[[ DATASET RECORDS, beginning ]]
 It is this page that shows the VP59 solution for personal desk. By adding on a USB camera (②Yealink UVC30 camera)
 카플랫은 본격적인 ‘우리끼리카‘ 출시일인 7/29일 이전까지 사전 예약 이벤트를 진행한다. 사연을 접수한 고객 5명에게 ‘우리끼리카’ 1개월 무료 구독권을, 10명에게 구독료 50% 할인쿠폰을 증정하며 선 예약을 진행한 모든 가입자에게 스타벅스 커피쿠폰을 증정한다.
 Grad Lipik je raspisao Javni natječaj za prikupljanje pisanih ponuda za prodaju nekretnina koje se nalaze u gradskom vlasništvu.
[[ DATASET RECORDS, end ]]
[[ DATASET RECORDS, beginning ]]
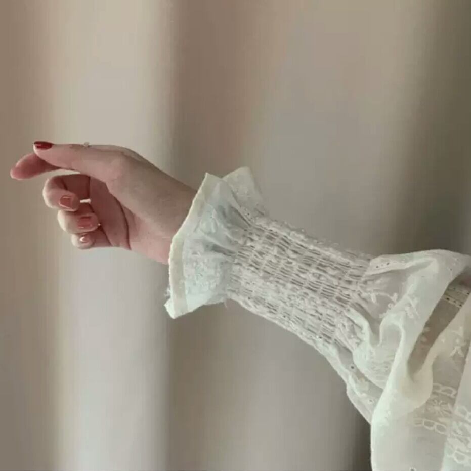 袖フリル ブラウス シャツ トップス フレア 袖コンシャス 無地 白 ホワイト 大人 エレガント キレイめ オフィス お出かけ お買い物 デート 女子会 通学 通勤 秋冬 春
[[ DATASET RECORDS, end ]]
WHAT NEEDS TO BE DONE = From the entries above, extract only the lines running from the one containing "It is this page" through the one containing "Grad Lipik je", inclusive.

ANSWER TO THIS TASK =
 It is this page that shows the VP59 solution for personal desk. By adding on a USB camera (②Yealink UVC30 camera)
 카플랫은 본격적인 ‘우리끼리카‘ 출시일인 7/29일 이전까지 사전 예약 이벤트를 진행한다. 사연을 접수한 고객 5명에게 ‘우리끼리카’ 1개월 무료 구독권을, 10명에게 구독료 50% 할인쿠폰을 증정하며 선 예약을 진행한 모든 가입자에게 스타벅스 커피쿠폰을 증정한다.
 Grad Lipik je raspisao Javni natječaj za prikupljanje pisanih ponuda za prodaju nekretnina koje se nalaze u gradskom vlasništvu.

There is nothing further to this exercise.